Charles Basenga Kiyanda

What’s this internet thing, now? (The science version)

I’ve been reading the new music strategies blog by Andrew Dubber and have been enjoying my read lately. The blog is about the world of online music and the interaction of musical artists, the internet and the fans, to a certain point. I’ve been finding a lot of parallels between Dubber’s world of online music and what I’m trying to express here about scientific communication.

Dubber has gone through the exercise of describing what his conception of online music is. To achieve that goal, he broke it down into pieces. A first post looks at what ‘music’ means. A second post looks at what ‘online’ is and a final post looks at what it means to talk about ‘online music’.

What I found most interesting was about the third post, describing what online music is. The analogy Dubber uses over and over again is to think about the internet as one would think about electricity. It’s a service which allows you to plug-in all the appliances you need and use. It’s standard, so you can build your own appliances to suit your specific needs. Starting from there, it’s easy to understand that the internet is more than “internet explorer, msn and facebook”. (I guess this would have been myspace a year ago, but hey, times change.) The internet is the backbone of the new media applications we use and several unknown applications are just waiting to be created. One of Dubber’s suggestions to artists looking to make use of “the internet” or “new media” is to stop asking “What are the available solutions and how can I use them?” but rather to ask “What are my needs and can I meet them by building a solution that uses the internet as a communication medium?” It makes for a slightly longer question, but a oh so richer set of possibilities.

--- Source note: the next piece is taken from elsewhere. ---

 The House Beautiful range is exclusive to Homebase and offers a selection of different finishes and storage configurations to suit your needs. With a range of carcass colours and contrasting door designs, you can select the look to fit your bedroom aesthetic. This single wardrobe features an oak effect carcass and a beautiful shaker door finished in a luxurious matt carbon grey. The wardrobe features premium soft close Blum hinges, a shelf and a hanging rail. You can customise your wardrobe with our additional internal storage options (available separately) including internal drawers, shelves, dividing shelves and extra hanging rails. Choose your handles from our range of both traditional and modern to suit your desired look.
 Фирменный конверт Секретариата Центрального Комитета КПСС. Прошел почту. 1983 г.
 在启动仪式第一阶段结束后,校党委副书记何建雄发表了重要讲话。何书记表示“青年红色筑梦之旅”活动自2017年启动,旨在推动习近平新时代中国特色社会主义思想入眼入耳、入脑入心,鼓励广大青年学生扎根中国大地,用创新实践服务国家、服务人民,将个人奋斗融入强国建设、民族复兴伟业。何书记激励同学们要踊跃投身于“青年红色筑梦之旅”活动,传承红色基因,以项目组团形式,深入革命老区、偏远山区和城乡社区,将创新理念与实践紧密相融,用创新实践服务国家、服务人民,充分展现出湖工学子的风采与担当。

I think we need to start an analogous process for how we disseminate science. The answer we’ve given to the equation “science papers + the internet = ?” has for too long been, well, “science papers on the internet.”

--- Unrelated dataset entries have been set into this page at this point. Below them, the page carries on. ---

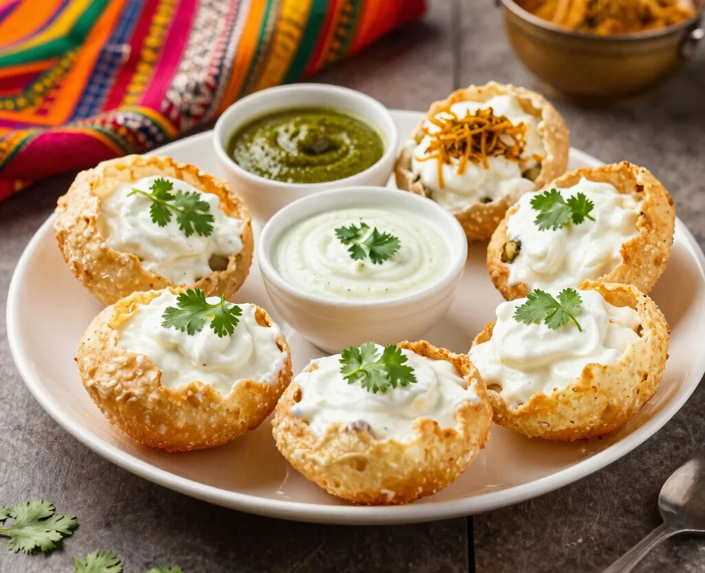 2. Fill each puri with yogurt, diced potatoes, and drizzle with sweet and green chutneys.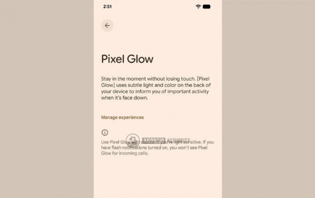 A screenshot shared in the report offers additional details, revealing that Pixel Glow will use colored lights on the rear panel to notify users of incoming alerts when the phone is placed face down.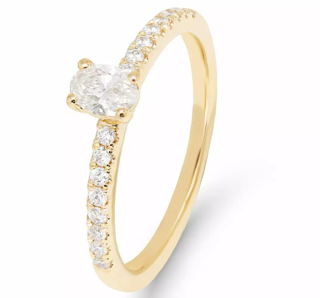 Sormuksen keltakullan lämmin sävy antaa korulle klassisen ja pehmeän hehkun. 1,6 mm leveä runko tekee sormuksesta kevyen ja miellyttävän käyttää, mutta riittävän tukevan päivittäiseen käyttöön. Keskikiven 4,6 x 3,4 mm ovaali muoto korostaa sormuksen naisellisuutta ja tuo siihen hienostunutta eleganssia – juuri sopivasti näyttävyyttä ilman liiallista prameutta.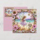 Die Karte bietet eine süß-rosa Fee an einem Strand, der von Schmetterlingen, Insekten und Blume umgeben ist. Der Gruß lautet "Happy Birthday". Die Rückseite hat eine kleine Version des vorderen Bildes und viel Platz, um eine Nachricht zu schreiben. AI Bing hat bei der Erstellung der Karte geholfen.

In computer terms, we’ve updated part of the front end, how we read and get the papers, but we haven’t changed the back end, how we write and publish scientific papers. I think it’s time to start rethinking the vessel, to start to question the packaging, not of scientific papers, but of scientific information.

I’m not saying the project I’m working on will be a revolution from the start, but I do think it should allows us to replicate online something that’s close to what we do now (write, submit, review, rebut, publish) while opening up the possibilities to those who want to explore them. Ideally, different “publication models” will be able to co-exist so that we can simply see what the differences are, what the implications of the new models are and decide.